» **Description of the task**: Please filter the entries and return only the lines that include "with".

» **Input records**:

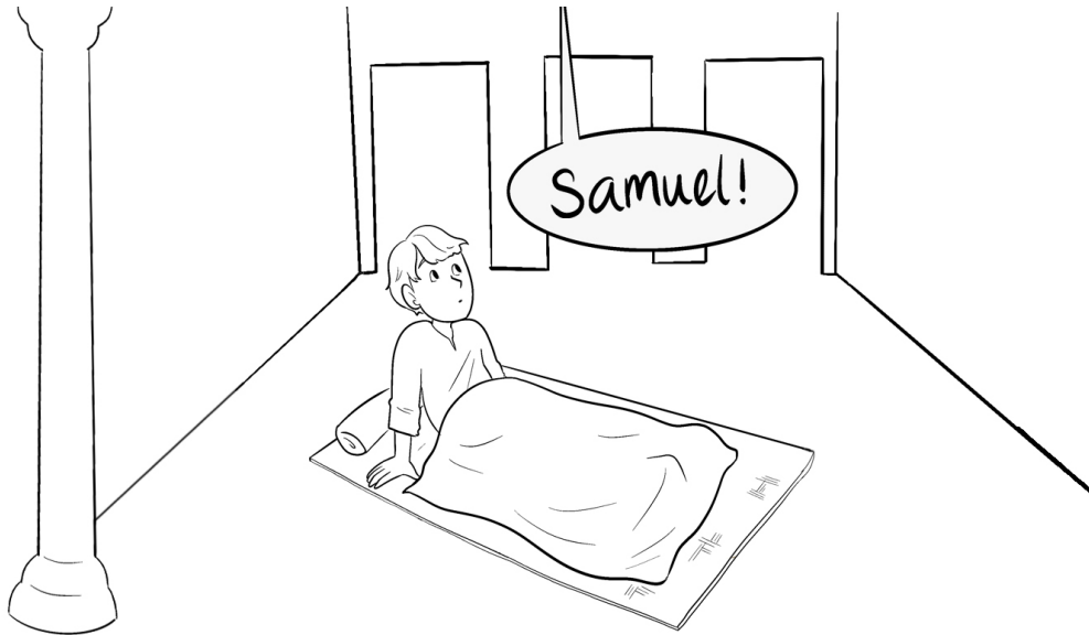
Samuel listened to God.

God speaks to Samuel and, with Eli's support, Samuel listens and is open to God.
--
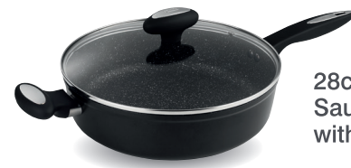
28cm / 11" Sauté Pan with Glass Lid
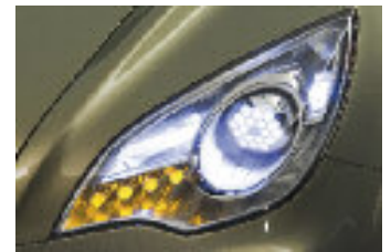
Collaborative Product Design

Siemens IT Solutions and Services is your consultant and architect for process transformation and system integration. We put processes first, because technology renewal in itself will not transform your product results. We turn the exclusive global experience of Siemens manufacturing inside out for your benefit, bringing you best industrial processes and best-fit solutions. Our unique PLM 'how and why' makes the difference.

» **Answer section**:
God speaks to Samuel and, with Eli's support, Samuel listens and is open to God.
28cm / 11" Sauté Pan with Glass Lid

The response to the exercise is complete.